Tekil Mesaj gösterimi
Alt 28-02-2007, 10:34   #19
imparator
Guest
 
imparator - ait Kullanıcı Resmi (Avatar)
 

· 1960-1970 Dönemi


Yeni oluşturulan Devlet Planlama Teşkilatı’nın hazırladığı 5 yıllık kalkınma planlarıyla ithal ikamesine dayanan sanayileşme politikası uygulamaya konuldu. Enflasyonun düşmesiyle 1960’lı yıllarda iyi bir büyüme hızı sağlandı, fakat 1960’ların sonunda ticaret ve cari işlemler dengelerindeki açıkların devam etmesiyle döviz sıkıntısı tekrar yoğunlaşmaya başladı. 1970 yılında tekrar IMF’ye başvurulmak zorunda kalındı.Uygulamaya konulan stabilizasyon programı ile Türk lirası devalüe edildi (Dolar kuru 9.00TL’den 14.00TL’ye yükseltildi).


· 1970-1980 Dönemi


1970 devalüasyonu ile artan cari işlemler gelirleri, özellikle işçi dövizleri girişleri stabilize edilemedi ve ekonomide parasal genişleme süreci başladı. Döviz sıkıntısının olmadığı bu dönemde geleneksel olmayan ihraç ürünlerine verilen teşviklerle ihracatta bir artış başladı. 1973 yılında OPEC’in petrol fiyatlarını üç kat artırmasına karşı gerekli uyum önlemleri alınmadı. Ödemeler bilançosu açıkları giderek büyümeye başladı. Döviz kurunda gerekli ayarlama yapılmaması sonunda azalan işçi dövizlerini çekebilmek ve kamu açıklarının finansmanına özel sektörün rakip olmaması, onların dışardan borçlanabilmeleri için uygulamaya konulan Dövize Çevrilebilir Mevduat (DÇM) hesaplarına Devlet garantisi getirildi. 1977’ye gelindiğinde ithalat aksamaya başlamıştı ve ihracat gelirlerinde de düşüş başlamıştı. Bu yılda büyüme hızı, önceki üç yılın yarısı kadar gerçekleşti.

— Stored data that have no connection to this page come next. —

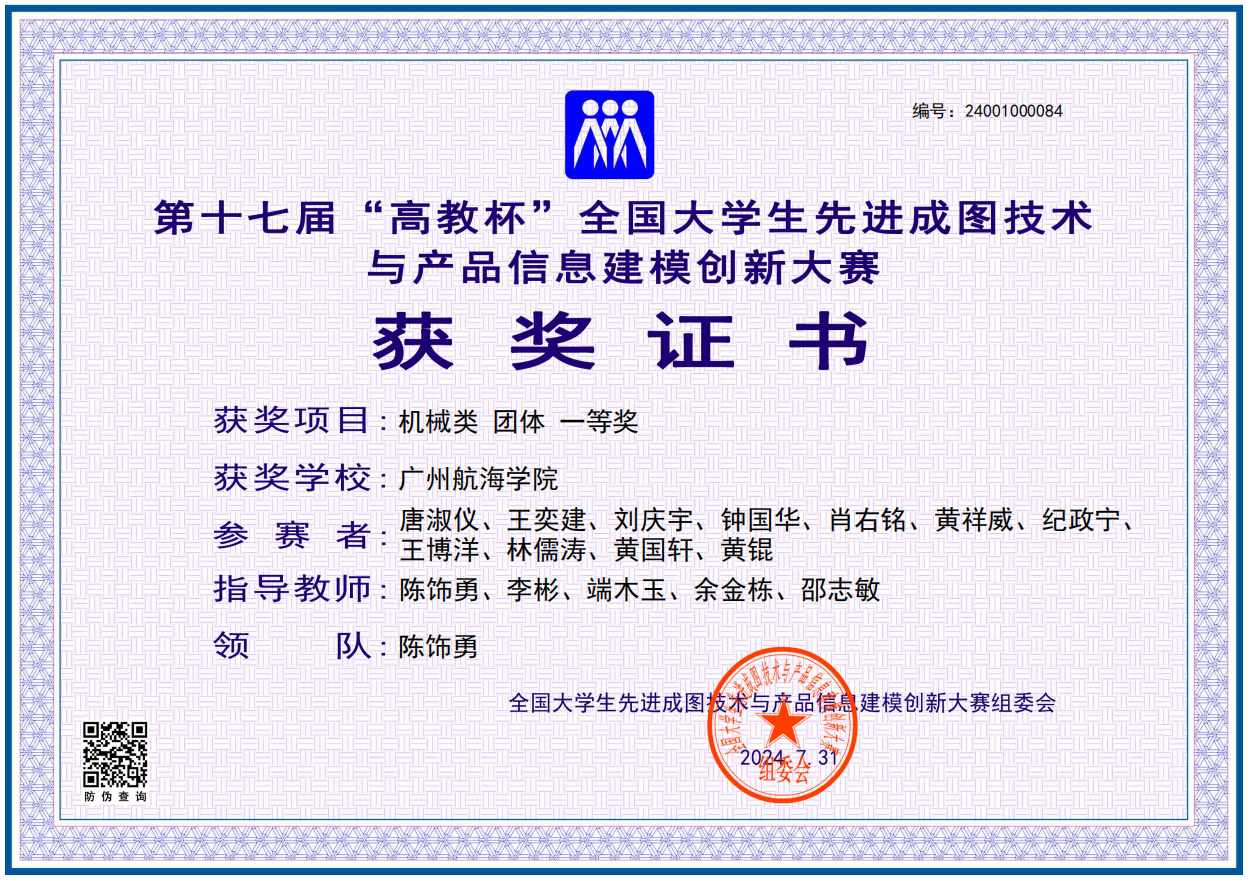 我院参加第17届“高教杯”全国大学生先进成图技术与产品信息建模创新大赛全国总决赛荣获一等奖5项,二等奖2项。
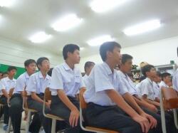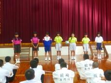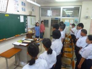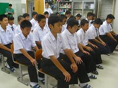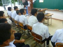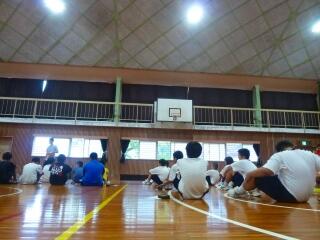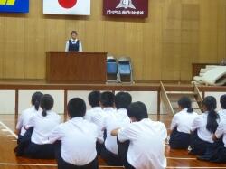 以前、都城市内で勤務されていた時のクラス合唱のDVDをもとに、歌うことの大切さを話されました。運動会での国歌・校歌斉唱や来月の文化祭での合唱に生かされてくると思います。
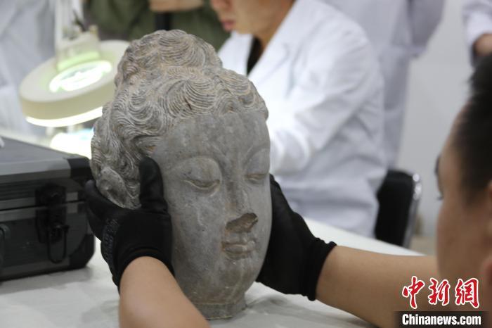 5月20日,河南洛阳,龙门石窟研究院工作人员展示已完成修复的唐代佛头。中新社记者 阚力 摄
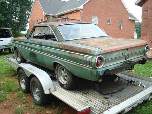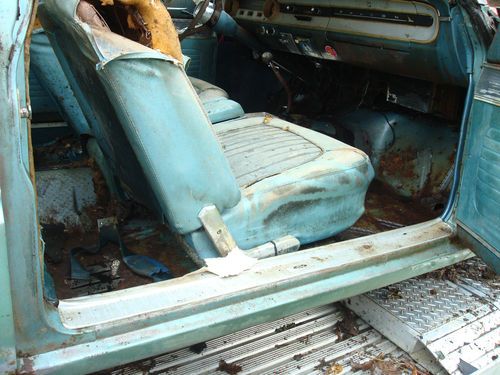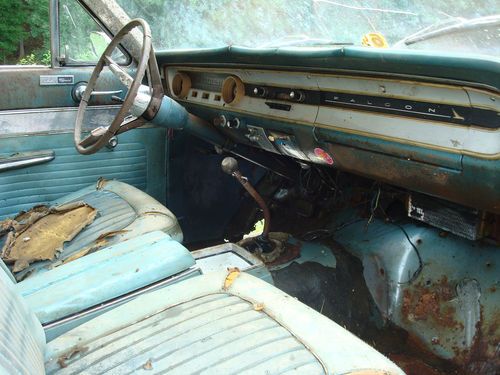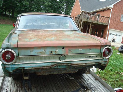 HERE IS A 1964 FALCON SPRINT V8 FACTORY 4 SPEED CONSOLE CAR THAT IS IN PRETTY GOOD SHAPE. IT WILL NEED TO BE RESTORED AND IT DOES HAS SOME RUST BUT NOT TOO BAD, THE QUATERS HAVE FEW PIN HOLES IN THE BOTTOMS, BUT THE ROCKERS LOOK SOLID, ONE OF THE DOORS HAS COUPLE SMALL HOLES IN THE VERY BOTTOM EASY FIX, ITS GONNA NEED THREE FLOOR PANS, AND ITS ALSO COULD USE TWO FENDERS AND A TRUNK LID,THE TRUNK PAN LOOKS REALLY SOLID HAS A SMALL HOLE BE A EASY PATCH, THIS CAR COMES WITH ORGINAL OWNERS MANUEL AND WARRENTY CARD, IT HAS 49,950 ACTUAL MILES ON HER, THIS IS A RARE UNTOUCHED CAR THATS NEVER BEEN RESTORED AND ONE FAMILY OWNED, THE GUY SAID HE HAD IT RUNNING A FEW YEARS BACK NOT SURE IT IT WILL RUN NOW OR NOT,THIS CAR IS BEING SOLD AS-IS AND PLEASE BID TO BUY, NO TIRE KICKERS IF YOU BID ON THIS CAR I EXPECT PAYMENT SENT WITH IN 24-48 HOURS AFTER AUCTION IS WON, AND I WANT THE MONEY SENT BEFORE YOU COME AND GET THE CAR, I HAVE HAD SOME PEOPLE BUY CARS IN THE PAST THEN WANT TO COME INSPECT THEM AFTER THEY ALREADY ONE THE AUCTION AND HAD ALREADY BOUGHT THE CAR, PLEASE CONTACT ME AT 540-556-5557 WITH ANY QUESTIONS I AM LISTING THIS CAR FOR A FRIEND AND I DESCRIBED THE CAR BEST THAT I CAN THANKS KEVIN

1978-79 yıllarında kriz dönemine girildi. Dış borçların ertelenmesi çabaları sonuçsuz kaldı, mali reform gerçekleştirilemedi. Enflasyon yüzde 100 sınırına yaklaşırken üretim düştü. 1975-1980 dönemi 1950’den sonraki en düşük büyüme hızının yaşandığı dönem olmuştur. 1979 yılında rezervler tükendi. İthalat yapılamadığı için üretim hızla düşmeye başladı. 1958 devalüasyonu öncesi kriz dönemi tekrar yaşanmaya başladı.

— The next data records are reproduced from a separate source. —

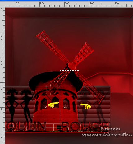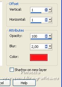 Effects>3D Effects>Drop Shadow, color #ff151a.
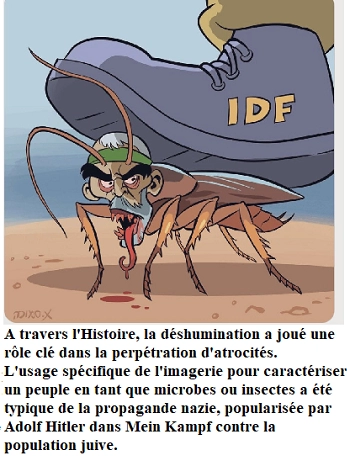 (7) Nous avons pu consulter une étude publiée par le site du Musée du judaïsme, traitant de la bestialisation des juifs par les nazis, mais aussi de « l’antisémitisme des Arabes ». Paille et poutre, car à aucun moment cette étude ne signale les discours racistes et zoomorphes des dirigeants d’Israël sur les Palestiniens. Ce n’était probablement pas l’objet de cette étude !
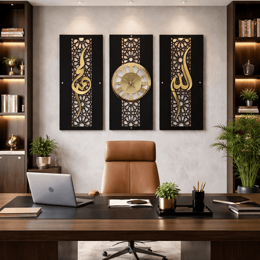 Noor-e-Zaman Premium Wall Clock Set- 3 Panel Wall decor Set
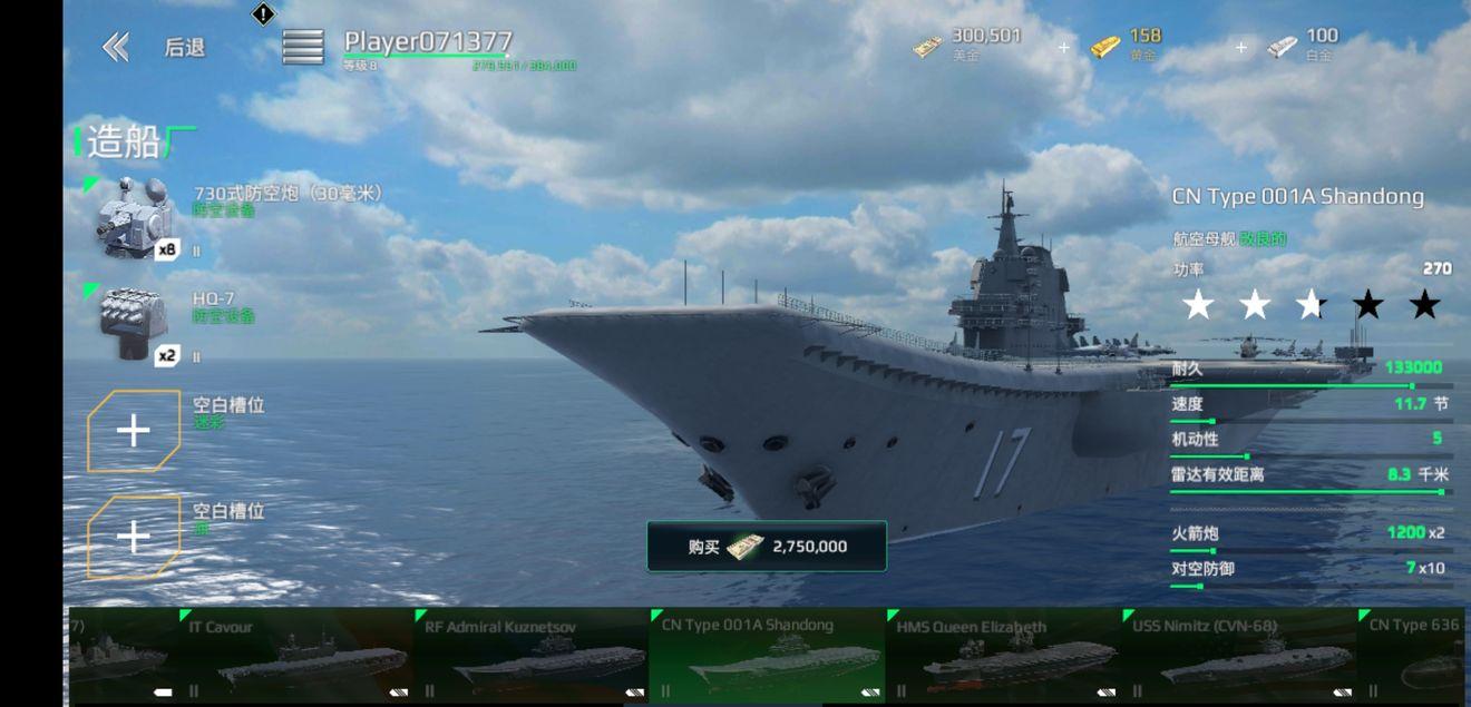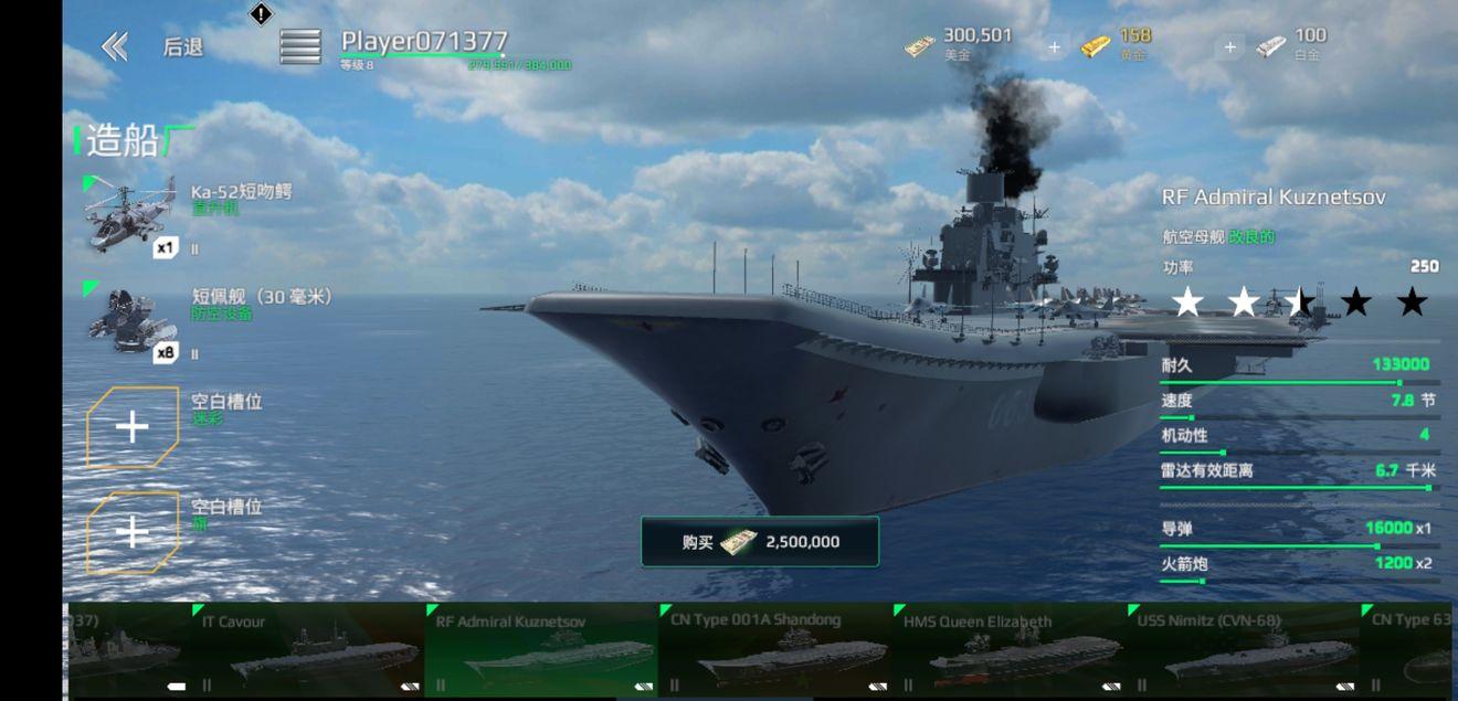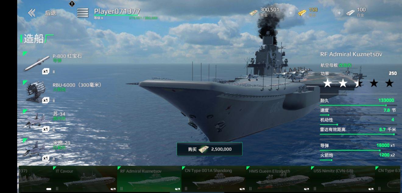 关于那两条前期航母...... 库茨涅佐夫拥有舰载导弹,加强中远距输出,山东舰比库舰多一座火箭炮和防空设备,速度更快,防空更强,近战尚有一战之力,战场生存能力更高,但没有库舰的舰载导弹,而且库舰比山东舰便宜,所以库茨涅佐夫和山东哪个更好就仁者见仁智者见智了,或者你再肝多三十五万买尼米兹也行(航母小知识:战机起飞后虽不可降落,但可飞回航母上空瞬间补满血量和弹药,战机中美系最强)

DÇM’lerin ekonomiye maliyeti giderek büyümeye başladı ve krizi hızlandıran bir etki yarattı. (1975 yılında $1.2 milyar olan DÇM hesapları 1977’de $6.1 milyara yükselmişti).

Bu dönemde ortaya çıkan krizin nedeninin petrol fiyatlarının artışı ve buna uyum sağlanmaması, DÇM’ler ve yatırımların dış borçlanmayla finanse edilmesinin olduğu görülmektedir. 1975’de $5 milyarın altında olan dış borçlar iki yıl içinde $15 milyara, 1980’de $20 milyara yükseldi. Bu arada dış borç yapısı da bozuldu, 1977 ve 1978 yıllarında kısa vadeli borçların toplam borçların yarına ulaşması, dışardan borçlanmanın giderek güçlendiğinin bir göstergesidir. (Tablo 5)

Bu gelişmeler karşısında 1978 ve 979 yılında IMF güdümünde hazırlanan istikrar tedbirleri zayıf koalisyon hükümetlerince uygulanamadı ve bu programlar uluslararası mali çevrelerden yeterli desteği göremedi. Kriz sürecinin büyümesi 1979’un sonlarında askeri müdahale ile sonuçlandı. Ertesi yılın başında 24 Ocak Kararları olarak anılan istikrar tedbirleri yürürlüğe konuldu.